After the ELF header attachment we can use the load_byte function to extract the protocol section from the sk_buff struct. Then we use the protocol ID as a key to do a bpf_map_lookup_elem operation to extract the current counter value from our countmap so that we can increment it or set it to 1 if it is the first packet ever. Now we can update the map with the incremented value using bpf_map_update_elem.

To compile the program to an ELF file, we just use Clang with -target bpf. This command creates a bpf_program.o file that we will load using the loader:

clang -O2 -target bpf -c bpf_program.c -o bpf_program.o

Load and attach to a network interface

The loader is the program that actually opens our compiled BPF ELF binary bpf_program.o and attaches the defined BPF program and its maps to a socket that is created against the interface under observation, in our case lo, the loopback interface.

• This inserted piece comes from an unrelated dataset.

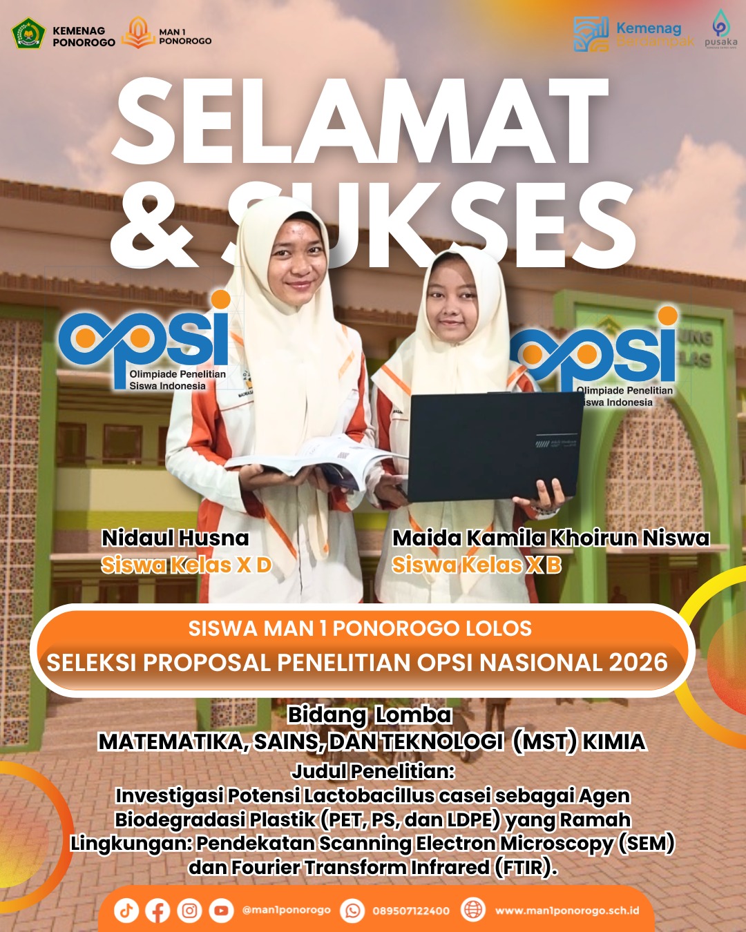 Ponorogo, 02 Maret 2026 - Dalam rangkaian kegiatan Pondok Romadhon, MAN 1 Ponorogo menggelar acara safari pelajar yang merupakan program pembinaan remaja/pelajar oleh Majelis Ulama Indonesia (MUI) Kabupaten Ponorogo. Kegiatan yang berlangsung di aula ini menghadirkan pemateri utama, Dr. Iswahyudi, M.Ag., yang juga menjabat sebagai Ketua Komisi Kerukunan Umat Beragama MUI Kabupaten Ponorogo. Dalam sesi pembinaan tersebut, Dr. Iswahyudi didampingi oleh Ibu Sumarah dari Komisi Pemberdayaan Perempuan, Remaja, dan Anak (PPRA) MUI Ponorogo. Acara ini dirancang khusus.....

The most important part of the loader is the actual loading of the ELF file:

  if (load_bpf_file(filename)) {
    printf("%s", bpf_log_buf);
    return 1;
  }

  sock = open_raw_sock("lo");

  if (setsockopt(sock, SOL_SOCKET, SO_ATTACH_BPF, prog_fd,
                 sizeof(prog_fd[0]))) {
    printf("setsockopt %s
", strerror(errno));
    return 0;
  }

This will populate the prog_fd array by adding one element that is the file descriptor of our loaded program that we can now attach to the socket descriptor of our loopback interface lo opened with open_raw_sock.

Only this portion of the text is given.